To put it simple, can we simply rely on qemu cmdline as "the guest ABI"? I
thought it was mostly the case already, except some extremely rare
outliers.
When we have one host that boots up a VM using:
$QEMU1 $cmdline
Then another host boots up:
$QEMU2 $cmdline -incoming XXX
Then migration should succeed if $cmdline is exactly the same, and the VM
can boot up all fine without errors on both sides.
AFAICT this has nothing to do with what kernel is underneath, even not
Linux? I think either QEMU1 / QEMU2 has the option to fail. But if it
didn't, I thought the ABI should be guaranteed.

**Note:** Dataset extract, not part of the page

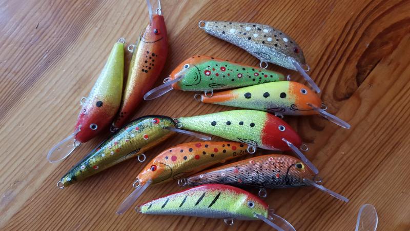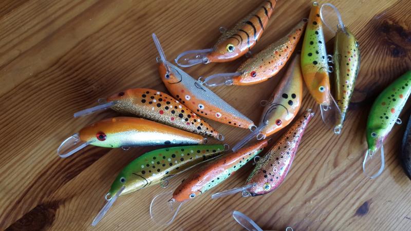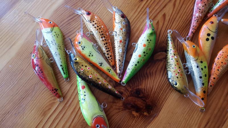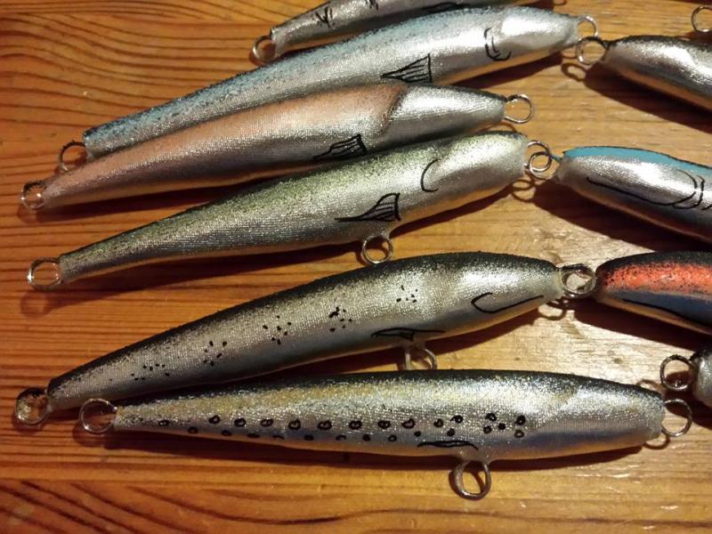 Witam po przerwie spowodowanej praca i rybami :) moje ostatnie dziela to sandaczowki 7,9,11 cm standardowa praca glebokosc schodzenia do metra, i kilka boleniowek 9cm w koncowej fazie razem z kotwicami beda mialy gdzies 12 gr. Praca podczas powolnego zwijania linki lub w samym nurcie bardzo widocznie migota natomiast podczas szybkiego zwijania migota szybciej, opad lusterkuje :) cos sie dzieje ;) pozdrawiam do nastepnego :)
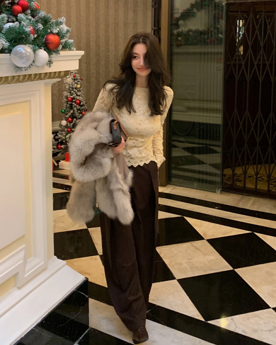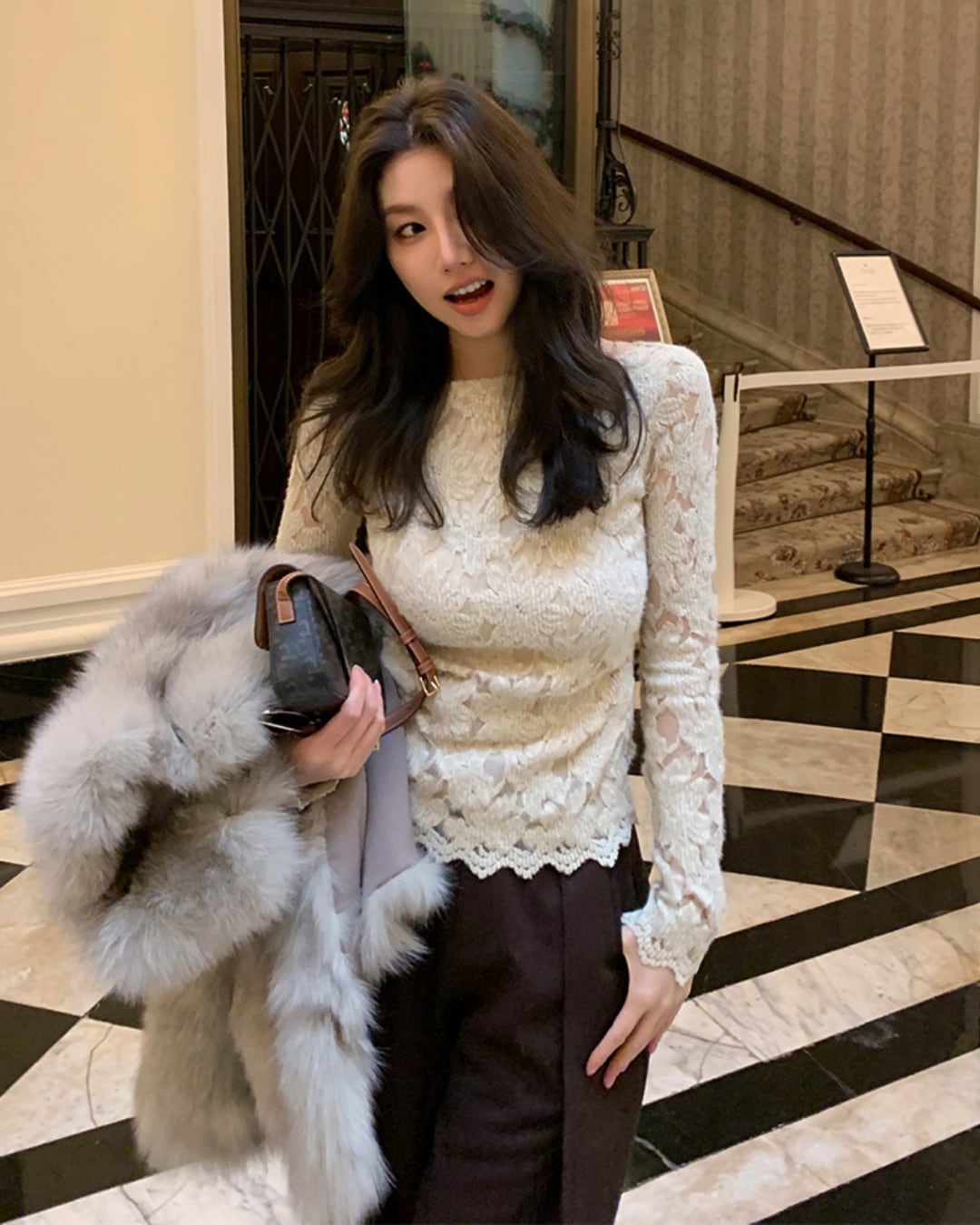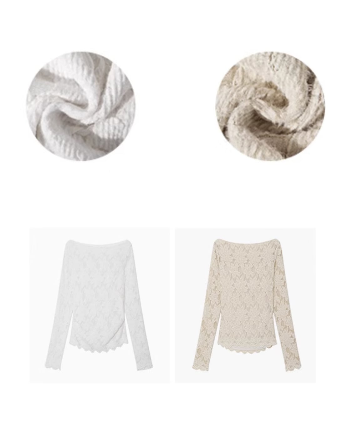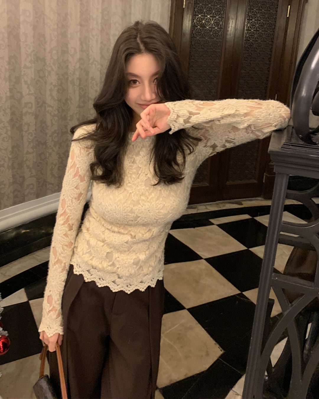 #フラワーレース #長袖トップス #フェミニンスタイル #ウエストライン #スカラップ #クラシカルコーデ #レイヤードコーデ

We've got two mutually conflicting goals with the machine type
definitions.
Primarily we use them to ensure stable ABI, but an important
secondary goal is to enable new tunables to have new defaults
set, without having to update every mgmt app. The latter
works very well when the defaults have no dependancy on the
platform kernel/OS, but breaks migration when they do have a
platform dependancy.
- Firstly, never quietly flipping any bit that affects the ABI...

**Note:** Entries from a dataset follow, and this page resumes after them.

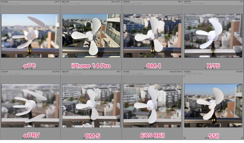 積層型センサーのiPhone 14 ProとOM-1はやはり優秀で、意外にα7RVの歪みは大きい。α7RVの歪みが大きいのは画素数が多いのも関係してるだろう。ほんとはα1やZ 9などでもやってみたいのだが、条件を合わせるための方法を統一したのが最近のことなのでご勘弁を。
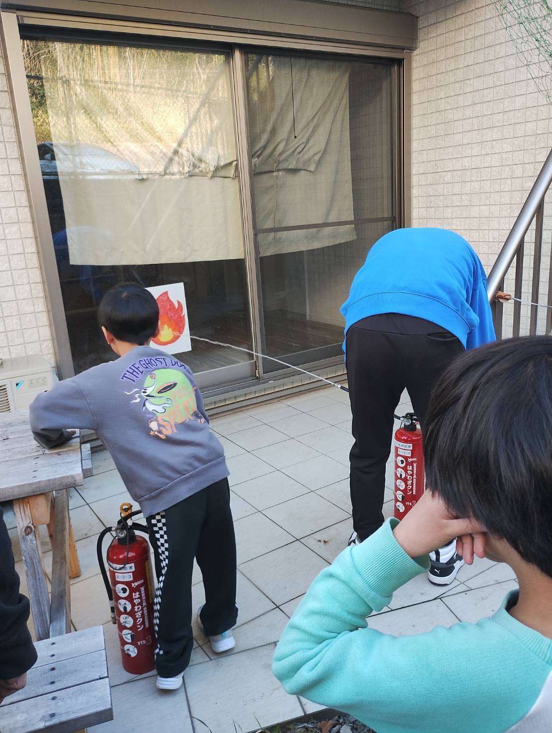 無事、安全な場所へ避難出来た後は、庭へ出て消火器の使い方を学び、初期消火体験をしました。
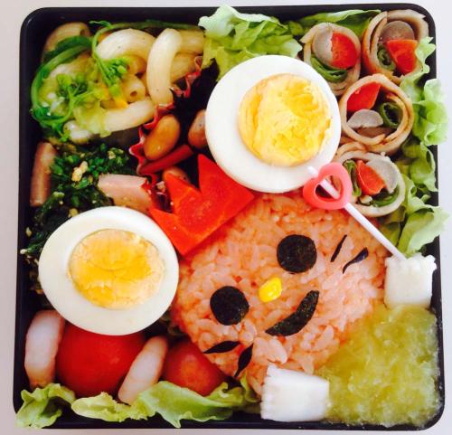 鬼の被り物をしたチュッピーが花畑にいるイメージで作りました。野菜は子供が食べやすく大好きなカボチャの黒豆入りサラダにしました。栄養バランスが良く、彩りの良いお弁当を作るように心がけています。

- Have a default value of off, then QEMU will always allow the VM to boot
by default, while advanced users can opt-in on new features. We can't
make this ON by default otherwise some VMs can already fail to boot,
- If the host doesn't support the feature while the cmdline enabled it,
it needs to fail QEMU boot rather than flipping, so that it says "hey,
this host does not support running such VM specified, due to XXX
feature missing".
That's the only way an user could understand what happened, and IMHO that's
a clean way that we stick with QEMU cmdline on defining the guest ABI,
while in which the machine type is the fundation of such definition, as the
machine type can decides many of the rest compat properties. And that's
the whole point of the compat properties too (to make sure the guest ABI is
stable).
If kernel breaks it easily, all compat property things that we maintain can
already stop making sense in general, because it didn't define the whole
guest ABI..
So AFAIU that's really what we used for years, I hope I didn't overlook
somehting. And maybe we don't yet need the "-platform" layer if we can
keep up with this rule?
We've failed at this for years wrt enabling use of new defaults that have
a platform depedancy, so historical practice isn't a good reference.
There are 100's (possibly 1000's) of tunables set implicitly as part of
the machine type, and of those, libvirt likely only exposes a few 10's
of tunables. The vast majority are low level details that no mgmt app
wants to know about, they just want to accept QEMU's new defaults,
while preserving machine ABI. This is a good thing. No one wants the
burden of wiring up every single tunable into libvirt and mgmt apps.
This is what the "-platform" concept would be intended to preserve. It
would allow a way to enable groups of settings that have a platform level
dependancy, without ever having to teach either libvirt or the mgmt apps
about the individual tunables.